Advanced Ideas About Divorce and Money

Divorce and insurance contracts: annuities in divorce settlements

We have always said that there are numerous ways to arrive at a 50/50 division of assets.  In the case of retirement plans, and more specifically, annuities, attorneys are often unaware of the potential to reduce their clients’ net worth by dividing the contract in half as this portion of an article in Investment News Magazine describes.  At Divorce Analysis, we are experts in advising clients about best ways to think about tax when dividing annuities and other retirement plans.

Breaking up is hard to do – especially with annuities

Attorneys often split contracts in divorce settlements, unaware of the potentially costly impact

By Darla Mercado

March 18, 2012

When a client came to his office bearing her new divorce decree, adviser Dale Russell became the bearer of bad news.

During the divorce proceedings, the couple’s lawyers decided that their chief financial asset, a $500,000 variable annuity inside one of their individual retirement accounts, was to be split among the two. But that Solomon-like decision was made without the attorneys’ awareness of its dire financial consequences.

Splitting the variable annuity meant that Mr.
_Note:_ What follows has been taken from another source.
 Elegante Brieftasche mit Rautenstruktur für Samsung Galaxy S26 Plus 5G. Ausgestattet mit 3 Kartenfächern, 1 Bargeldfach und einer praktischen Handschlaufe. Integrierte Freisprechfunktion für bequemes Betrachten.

Russell’s client had to pay an 8% surrender charge and a 10% penalty for an early withdrawal from the IRA.

For Mr. Russell, vice president of Gallo & Russell Inc., the experience is hardly uncommon.

With nearly one in two marriages ending in divorce, financial advisers who deal with divorcing couples often face complex problems connected with untangling annuities that are in the pool of shared assets.
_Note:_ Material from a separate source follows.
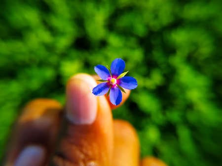 Hand in a blue medical glove holds a blue flower in the palm on a blue background.

With divorce attorneys typically unaware of the nuances of annuity contracts and the various ways insurers treat contracts in the context of divorce, and with advisers typically out of the loop when settlements are hammered out, the problem lands in the lap of advisers.

“In the case of my client, there wasn’t much I could do in the way of alternatives,” said Mr. Russell, who hadn’t been consulted before the couple began preparing for the split.

“This was essentially the only asset they had, and instead of my client’s getting the $250,000 she expected, she’s getting almost $50,000 less,” he said.